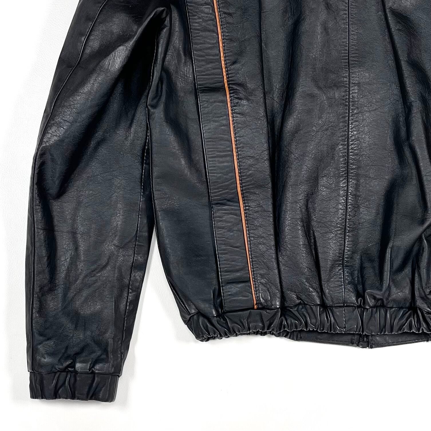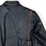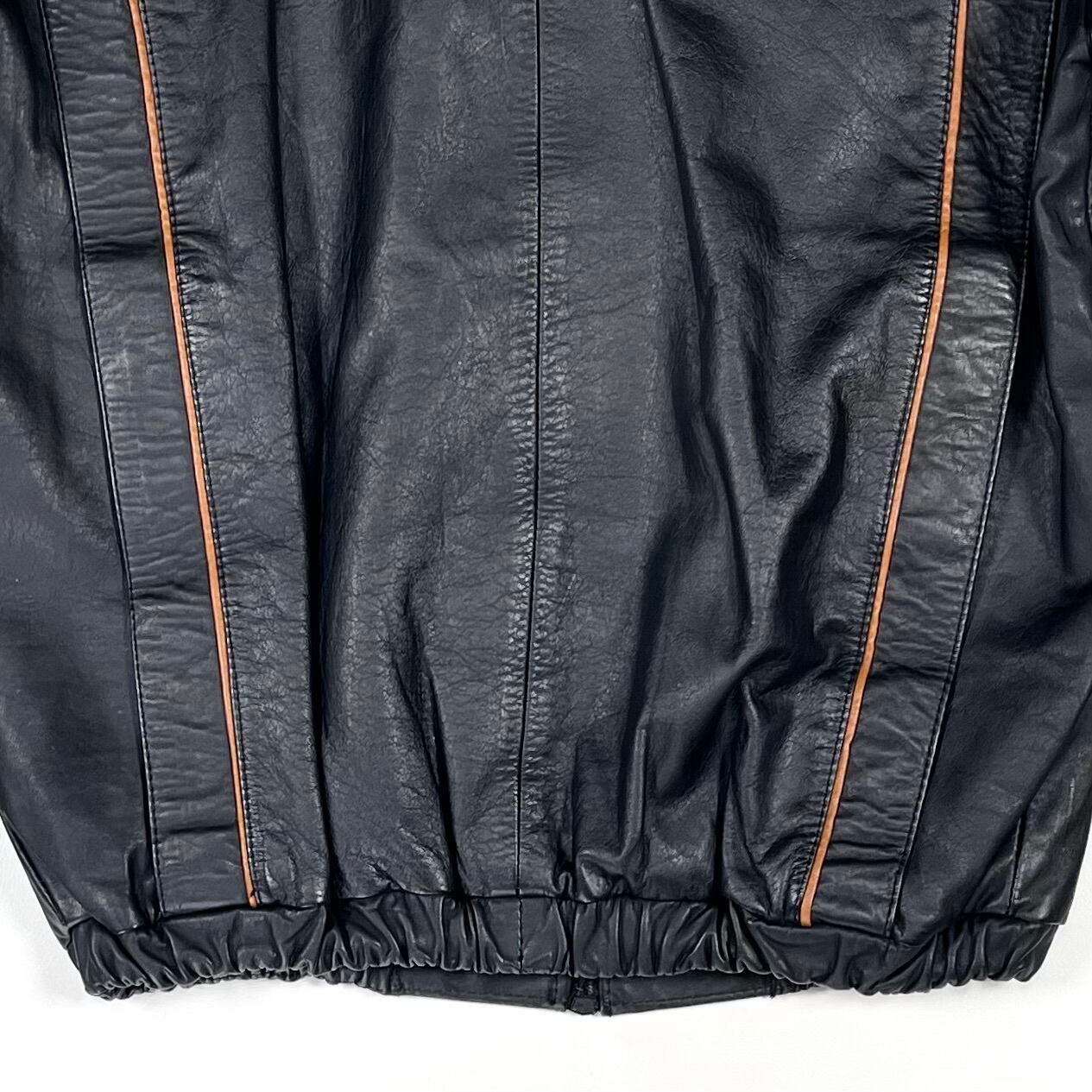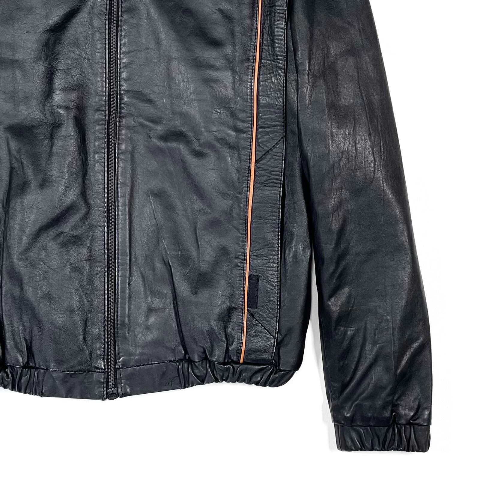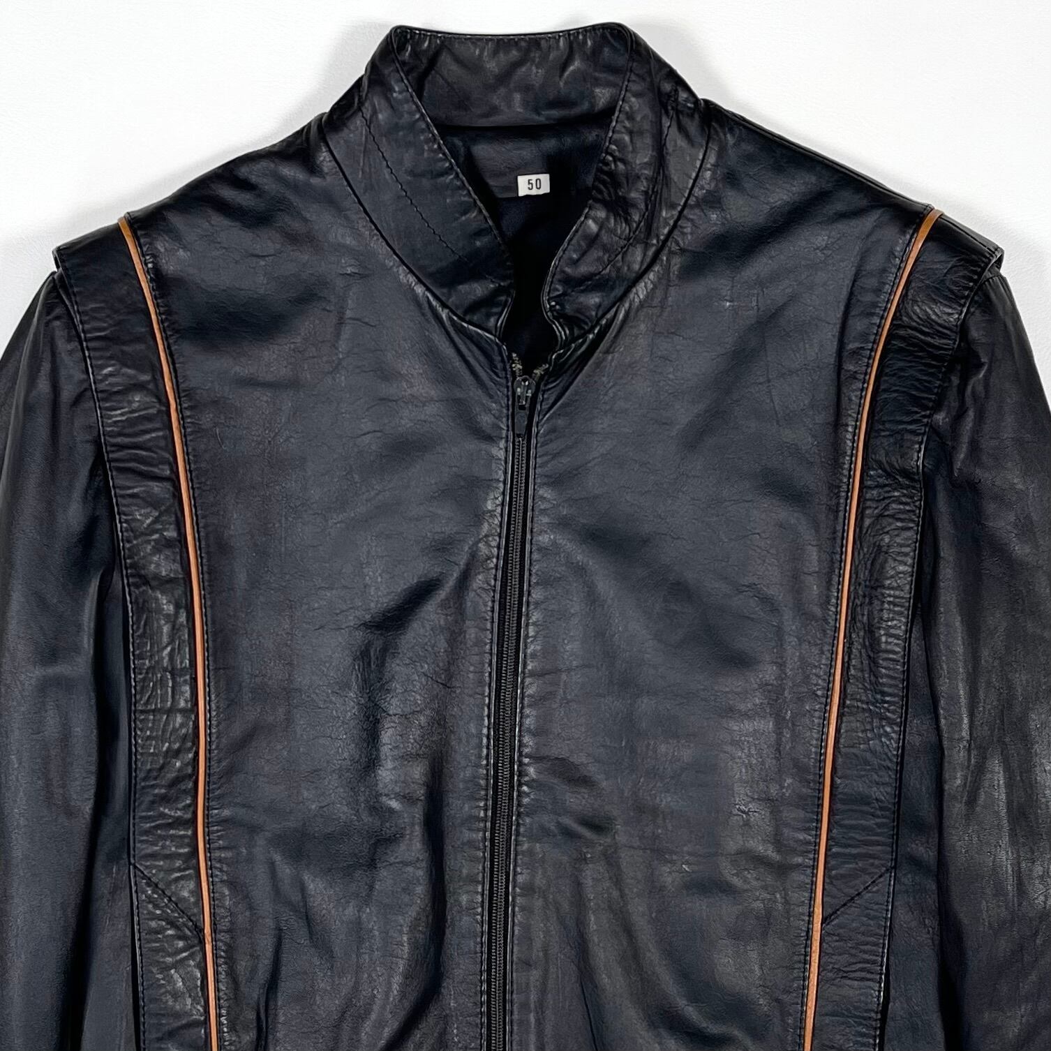 This is a stand-collar leather blouson featuring distinctive orange-brown piping on the front and back. The design is sporty, resembling a track jacket. The cuffs and hem are elasticated. The leather blouson has a well-balanced design, though there are visible stitch marks on the collar.
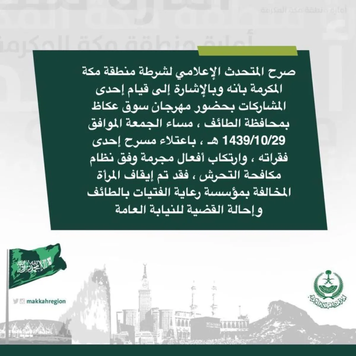 وقال: "إشارة إلى اعتلاء إحدى الحاضرات مسرح مهرجان سوق عكاظ في محافظة الطائف، مساء الجمعة 1439/10/29 هـ، عند تقديم إحدى الفقرات، وارتكاب فعل مجرَّمٍ وفق نظام مكافحة التحرُّش، فقد تم توقيف الفتاة المخالفة في مؤسسة رعاية الفتيات بالطائف".
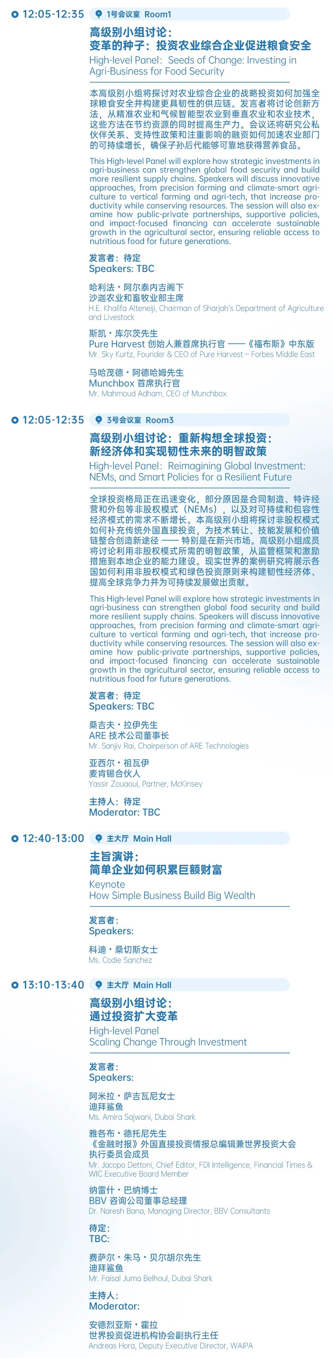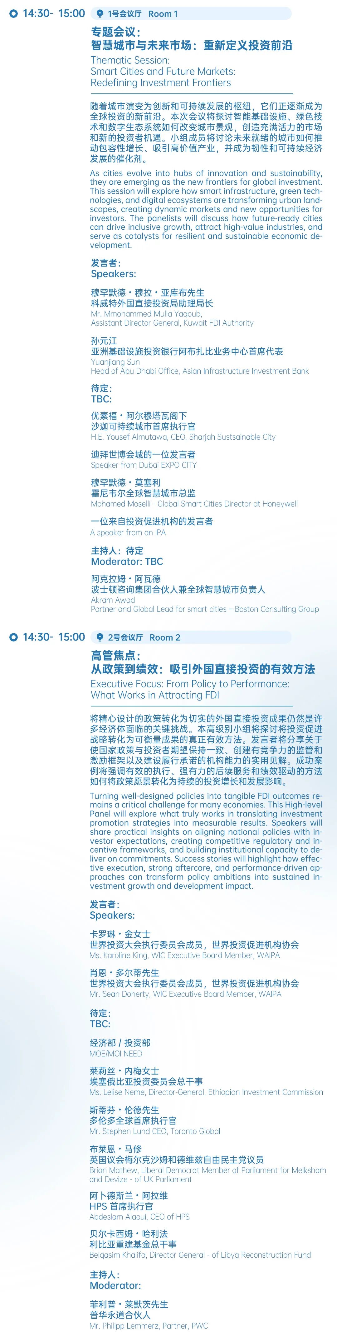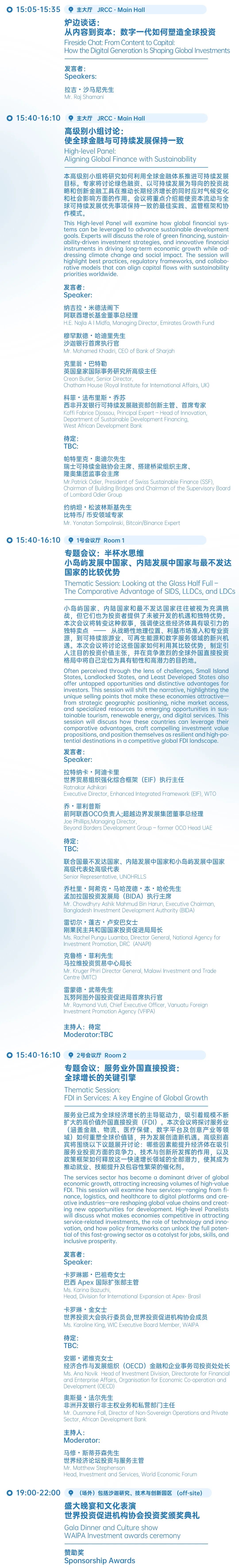 第29届世界投资大会暨第8届沙迦投资论坛将于2025年10月21日至23日在阿联酋沙迦举行。今年也是世界投资促进机构协会(The World Association of Investment Promotion Agencies, WAIPA)成立30周年。这两项活动将由世界投资促进机构协会、沙迦FDI办公室和阿联酋投资部联合举办。
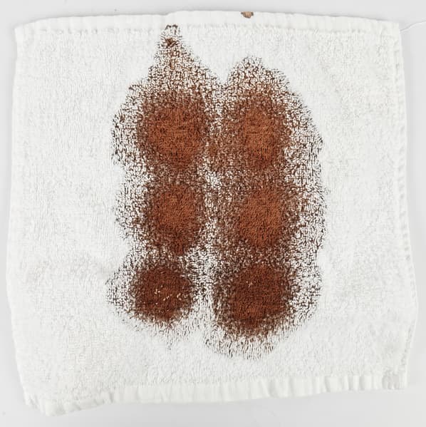 Чтобы посмотреть, можно ли улучшить результат предыдущего опыта, мы повторили наш эксперимент с теми же веществами и вторым комплектом белых махровых салфеток.
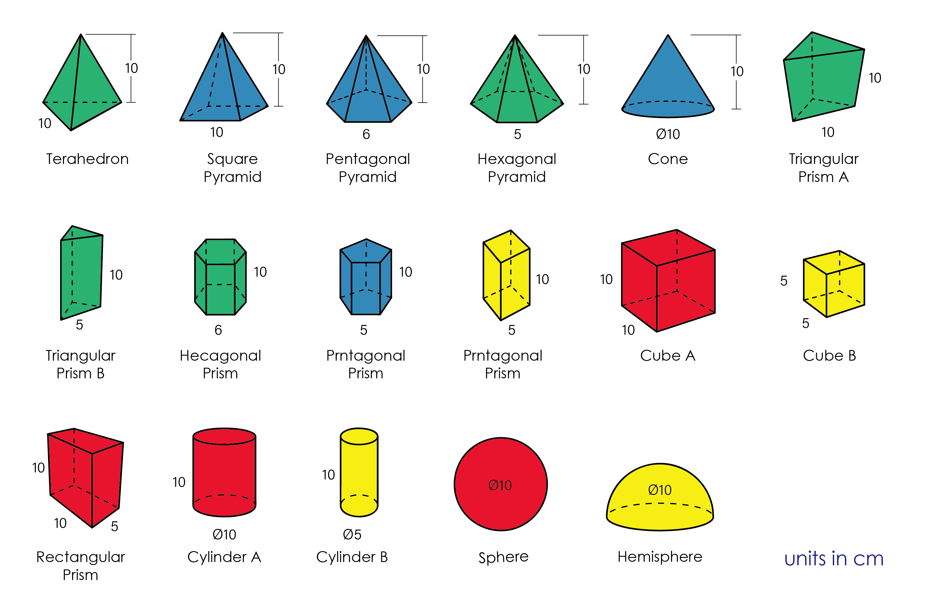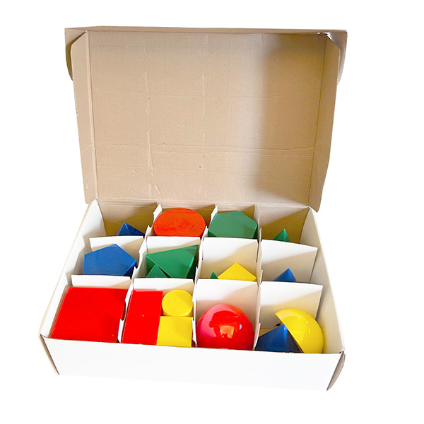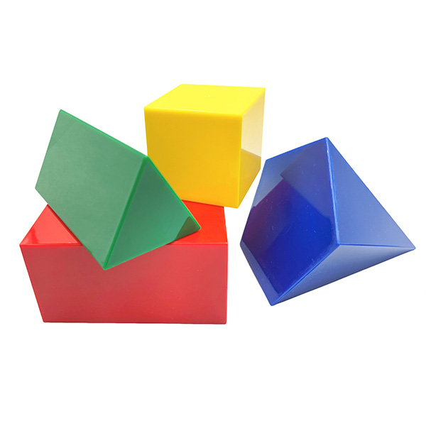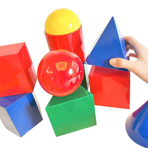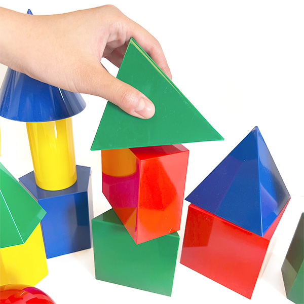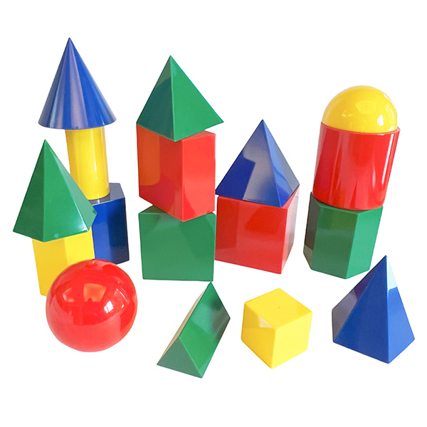 Comes in 4 colors and 17 different 3D shapes, including the cube, rectangular, cylinder, sphere, and triangular prism...and more. Easy for little hands to grab. Ideal for kids to learn the relationships between area, colors, shapes, form, and more.

**Work required:**
Exact copy, no pictures: reproduce the whole listing above.

**Response to the exercise:**
 This is a stand-collar leather blouson featuring distinctive orange-brown piping on the front and back. The design is sporty, resembling a track jacket. The cuffs and hem are elasticated. The leather blouson has a well-balanced design, though there are visible stitch marks on the collar.
 وقال: "إشارة إلى اعتلاء إحدى الحاضرات مسرح مهرجان سوق عكاظ في محافظة الطائف، مساء الجمعة 1439/10/29 هـ، عند تقديم إحدى الفقرات، وارتكاب فعل مجرَّمٍ وفق نظام مكافحة التحرُّش، فقد تم توقيف الفتاة المخالفة في مؤسسة رعاية الفتيات بالطائف".
 第29届世界投资大会暨第8届沙迦投资论坛将于2025年10月21日至23日在阿联酋沙迦举行。今年也是世界投资促进机构协会(The World Association of Investment Promotion Agencies, WAIPA)成立30周年。这两项活动将由世界投资促进机构协会、沙迦FDI办公室和阿联酋投资部联合举办。
 Чтобы посмотреть, можно ли улучшить результат предыдущего опыта, мы повторили наш эксперимент с теми же веществами и вторым комплектом белых махровых салфеток.
 Comes in 4 colors and 17 different 3D shapes, including the cube, rectangular, cylinder, sphere, and triangular prism...and more. Easy for little hands to grab. Ideal for kids to learn the relationships between area, colors, shapes, form, and more.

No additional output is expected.